[[ THE DATA, beginning ]]

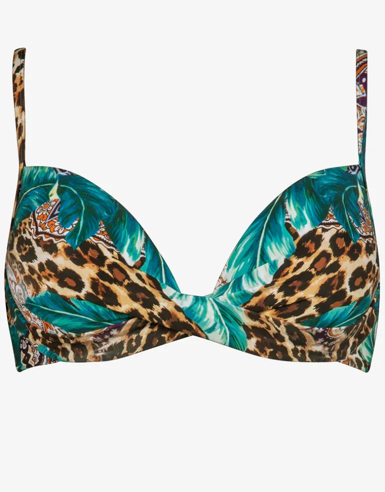 The Exotica Underwired bikini top from Maryan Mehlhorn is a striking emerald green leaf and leopard print. In a twist-front style with moulded cups and underwire, narrow adjustable straps and a clip back.
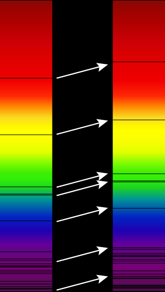 Если внимательно смотреть на изображение, то легко заметить, что сам спектр не изменился, а сменили местоположение черные линии. Что это за линии?
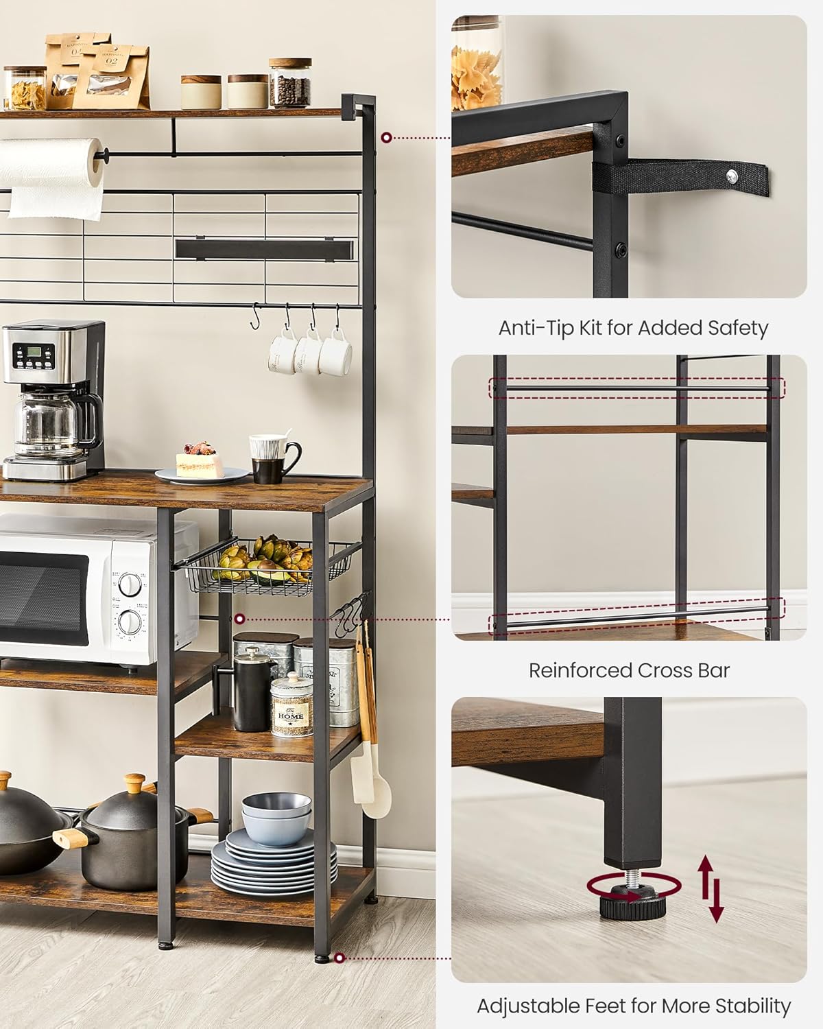 [Stable and Safe] Crafted with high-quality particleboard and steel, this baker’s rack boasts a sturdy and safe frame. The stability and safety of the kitchen shelving are further enhanced by both its adjustable feet and the included anti-tip kit

[[ THE DATA, end ]]

### EXERCISE
Every line above should be transcribed word for word; leave the pictures out.

### RESULT
 The Exotica Underwired bikini top from Maryan Mehlhorn is a striking emerald green leaf and leopard print. In a twist-front style with moulded cups and underwire, narrow adjustable straps and a clip back.
 Если внимательно смотреть на изображение, то легко заметить, что сам спектр не изменился, а сменили местоположение черные линии. Что это за линии?
 [Stable and Safe] Crafted with high-quality particleboard and steel, this baker’s rack boasts a sturdy and safe frame. The stability and safety of the kitchen shelving are further enhanced by both its adjustable feet and the included anti-tip kit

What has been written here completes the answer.